*** Information provided Section Begins ***

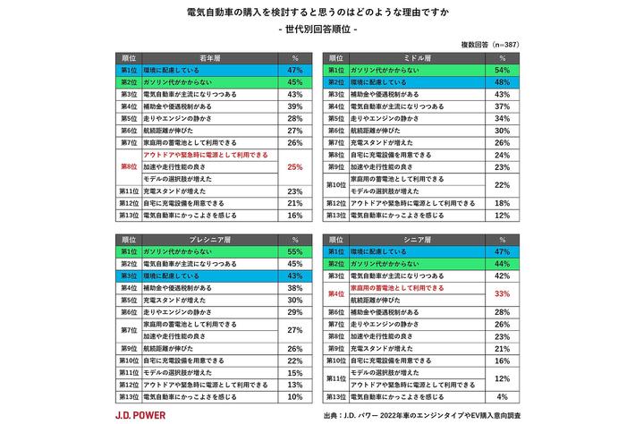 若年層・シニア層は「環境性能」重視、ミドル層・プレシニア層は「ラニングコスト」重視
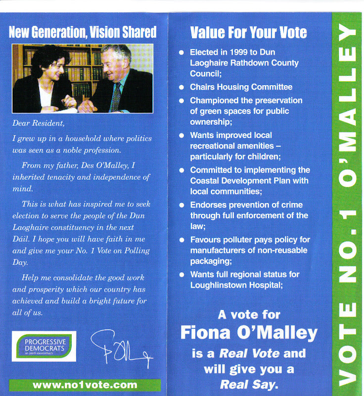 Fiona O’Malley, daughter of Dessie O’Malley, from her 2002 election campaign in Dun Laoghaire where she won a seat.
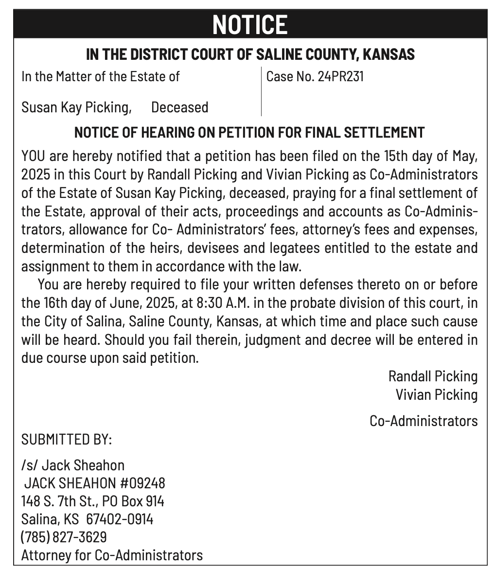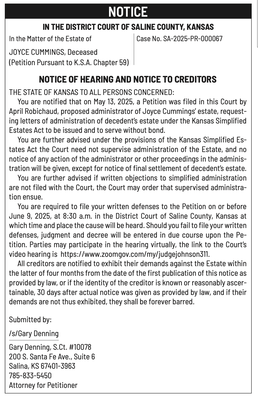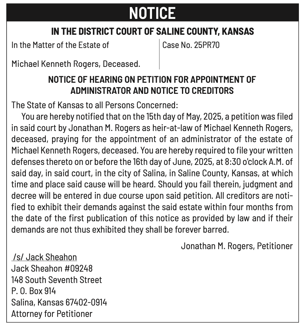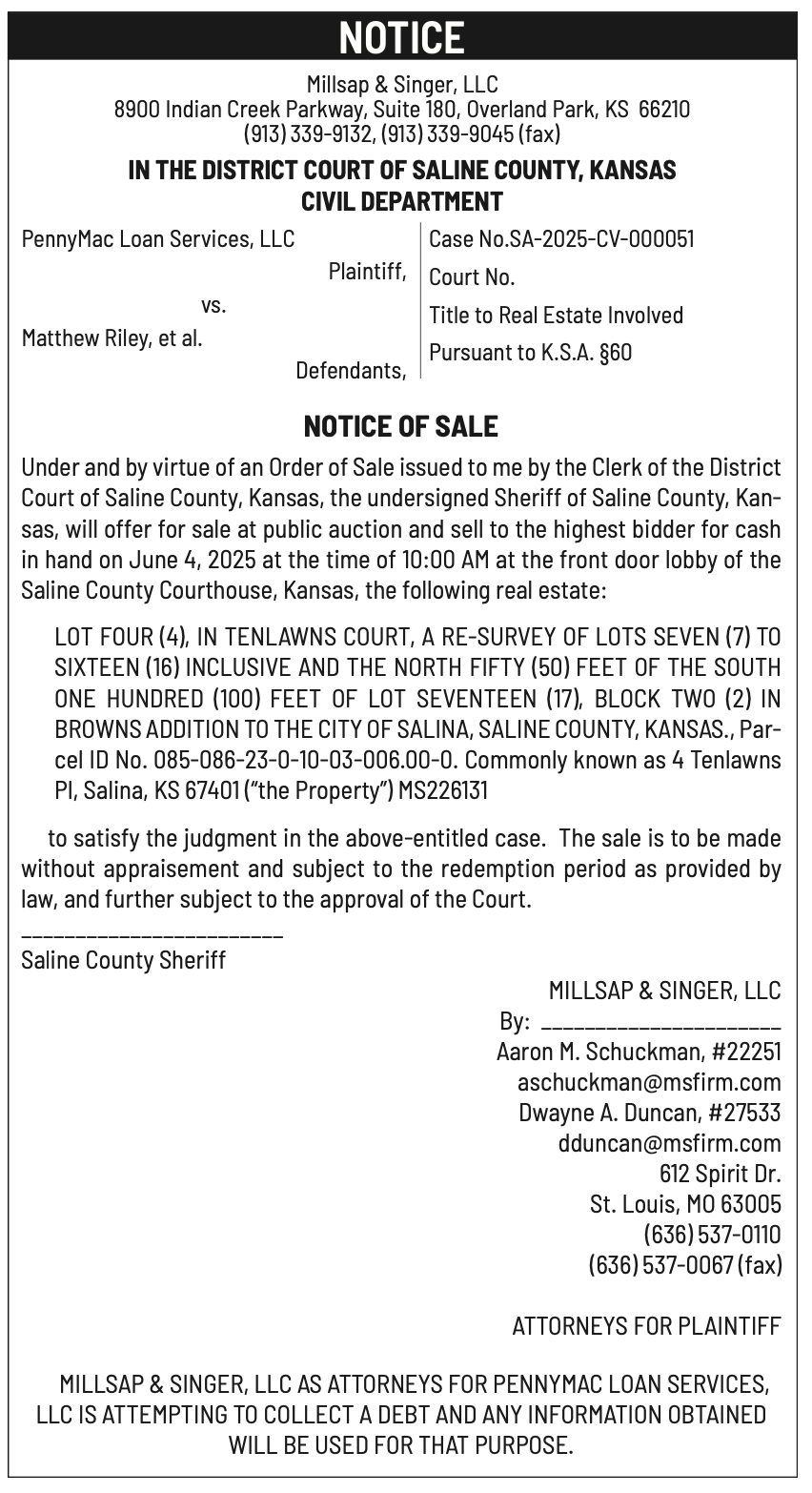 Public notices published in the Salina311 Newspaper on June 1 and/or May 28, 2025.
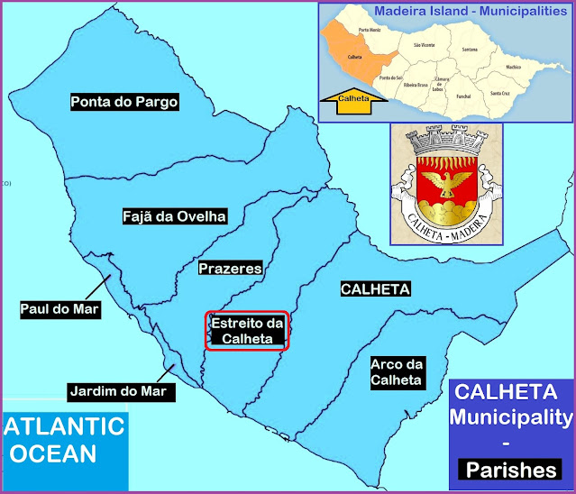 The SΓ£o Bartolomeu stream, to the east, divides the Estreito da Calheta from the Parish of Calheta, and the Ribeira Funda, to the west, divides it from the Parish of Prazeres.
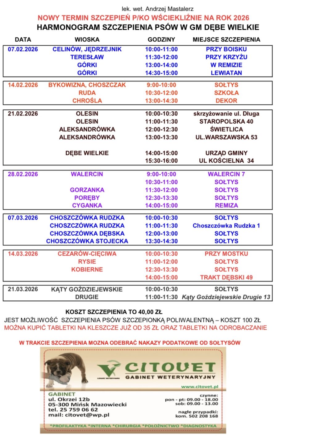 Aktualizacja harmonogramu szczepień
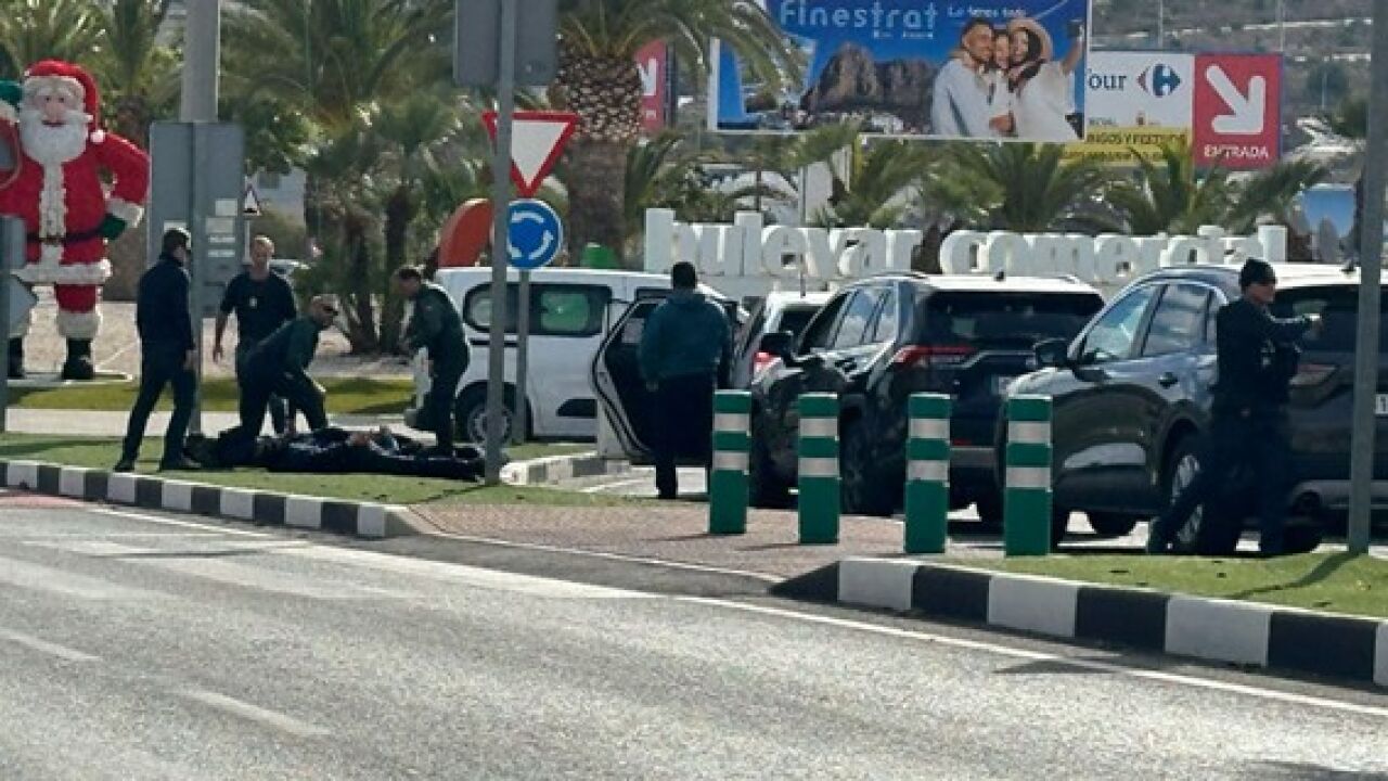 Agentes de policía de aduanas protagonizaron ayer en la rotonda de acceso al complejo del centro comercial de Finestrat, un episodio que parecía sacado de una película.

*** Information provided Section Ends ***

Directions for this task:
Once the line with "Fiona O’Malley, daughter" has been found above, output that line and every later line exactly, stopping after the line with "Public notices published", and omit the pictures.

Problem solution:
 Fiona O’Malley, daughter of Dessie O’Malley, from her 2002 election campaign in Dun Laoghaire where she won a seat.
 Public notices published in the Salina311 Newspaper on June 1 and/or May 28, 2025.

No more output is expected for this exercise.